Room 3 - Hanseatic Commissions

Room 3 Room 2 Room 1
Room 3b
Room 5 Room 5 Room 7 Room 8 Room 9

Merchants from the trading association known as the Hansa came to London from north German cities such as Cologne, Lübeck, Braunschweig and Danzig to supervise their empires in goods from cloth to wine. Their reach extended from the Low Countries to Scandinavia, their ships crossing from the North Sea to the Baltic and back again, sometimes bringing luxuries imported from as far away as India and Asia. In the City of London the merchants were based at the Steelyard, a large residential and trading compound beside the Thames.

Contact with the merchants may have assisted Holbein in forging a network of fellow foreign workers, including the foreign goldsmiths with whom he collaborated. The London Hanseatic merchants gave Holbein a number of important commissions.

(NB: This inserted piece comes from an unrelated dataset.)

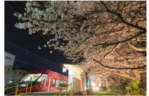
※東桂駅 夜桜ライトアップの様子

http://www.fujikyu-railway.jp/sakura2018/

He designed their City pageant for the coronation of Anne Boleyn in 1533 and provided moralising paintings for the dining hall in their City headquarters, which depicted the Triumphs of Riches and Poverty, now lost. Holbein also painted their portraits, in many ways significantly different from the ones he made for his English sitters; suitably for men living abroad, they emphasise memory and piety and include numerous inscriptions, rarer in surviving English portraits.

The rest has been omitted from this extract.